Study finds ‘alarming rate’ of OD deaths among young Indigenous people in B.C.

Indigenous people are 13 more times likely to die of drug OD related deaths

Indigenous drug users in British Columbia are 13 times more likely to die compared with other Canadians of the same age, says a decade-long study calling for cultural connections as a path to healing deep-rooted pain.

The study conducted by the Cedar Project Partnership of First Nations groups and researchers included 610 Indigenous people who smoked or injected drugs in Vancouver and Prince George and were between the ages of 14 and 30.

Forty people died during the study period between 2003 and 2014, and 65 per cent of them were women, says the study published Monday in the Canadian Medical Association Journal.

READ: B.C. hits record number of illicit drug overdose deaths : coroner

“The death rates among young Indigenous people who use drugs reported in this study are appalling and must be viewed as a public health and human rights issue,” the study says.

An additional 26 participants have died since the research was completed, and 15 of them had overdosed. Illness — including hepatitis C and HIV — and suicide were the next causes of death, it says.

The ongoing Cedar Project is based at the BC Children’s Hospital Research Institute and has been examining links between historical traumas, such as residential schools, childhood sexual abuse and child welfare systems, on HIV and hepatitis C infection among young Indigenous drug users.

Researchers from the University of British Columbia, the University of Northern British Columbia, the Vancouver Native Health Society and the Canadian Aboriginal AIDS Network were among those involved in the study.

“It is possible that some of the overdoses observed were in fact suicides,” it says, adding previous findings by the Cedar Project indicate trauma affecting generations of Indigenous people may lead to “rejection of life itself.”

Suicide prevention must include a holistic approach to mental well-being that incorporates Indigenous culture, including ceremony and traditional languages, the study says.
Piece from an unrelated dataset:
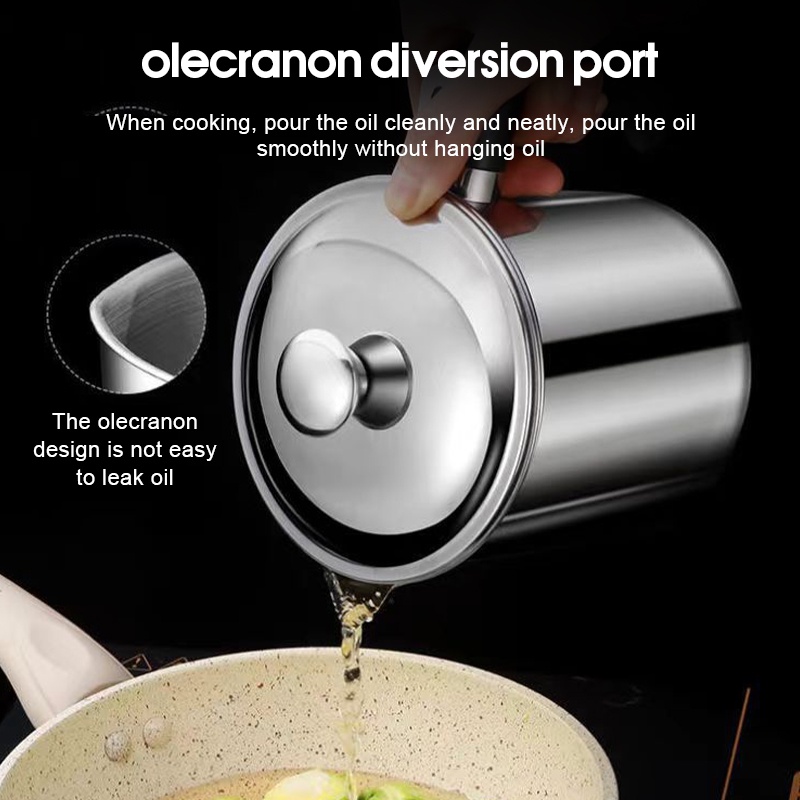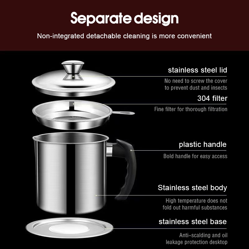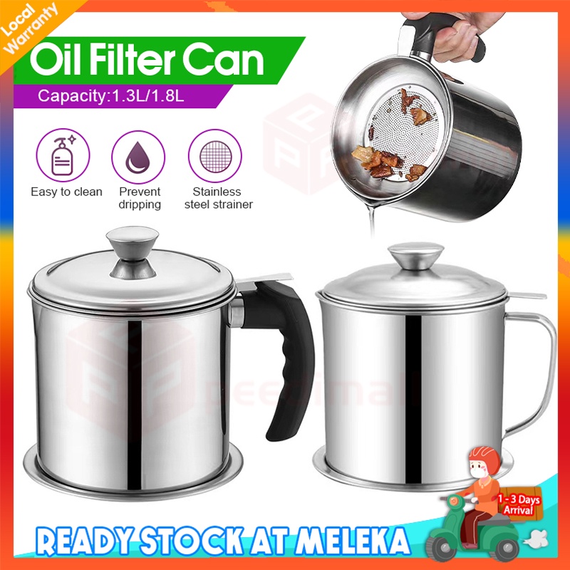Local Penapis Minyak Masak 304 Stainless Steel Cooking Oil Pot Oil Filter Storage With Strainer Oil Filter Mug 1.8L

“Indigenous leaders in Canada are concerned that their young people are dying prematurely, particularly those involved in the child welfare system, those entrenched in substance use and those living with HIV or hepatitis C.”

Researcher Dr. Martin Schechter, a professor in the school of population and public health at the University of British Columbia, said autonomy among First Nations communities to promote health within their own culture is a crucial need to protect young people.

“Our research has also shown that people in the Cedar cohort who reported more contact with Indigenous culture by attending ceremonies or speaking the native language, those people were more resilient, had less risk than people who didn’t,” he said.

The study shows women are using more drugs, perhaps as a form of self-medication, to cope with childhood trauma, Schechter said.

“It seems like trauma, and historical trauma, is having more of an effect on the young women than the men.”

Karen Urbanoski, a scientist at the Centre for Addictions Research of British Columbia, said in a related commentary in the Canadian Medical Association Journal that the findings point to the need for tailored services and policies for Indigenous people, who have poorer health, on average, than their non-Indigenous counterparts.

“First Nations, Metis and Inuit people in Canada also carry a disproportionate burden of the harms related to substance use,” she said, adding there’s evidence people who identify as Indigenous are less likely to receive treatment for substance use and those who access it are likely to drop out.

In August, the First Nations Health Authority released data suggesting Indigenous people of all ages are five times more likely to overdose and three times more likely to die from overdose than others.

Dr. Shannon McDonald, deputy chief medical officer of the health authority, said a significant number of youth in the study were specifically identified as having been in the child welfare system.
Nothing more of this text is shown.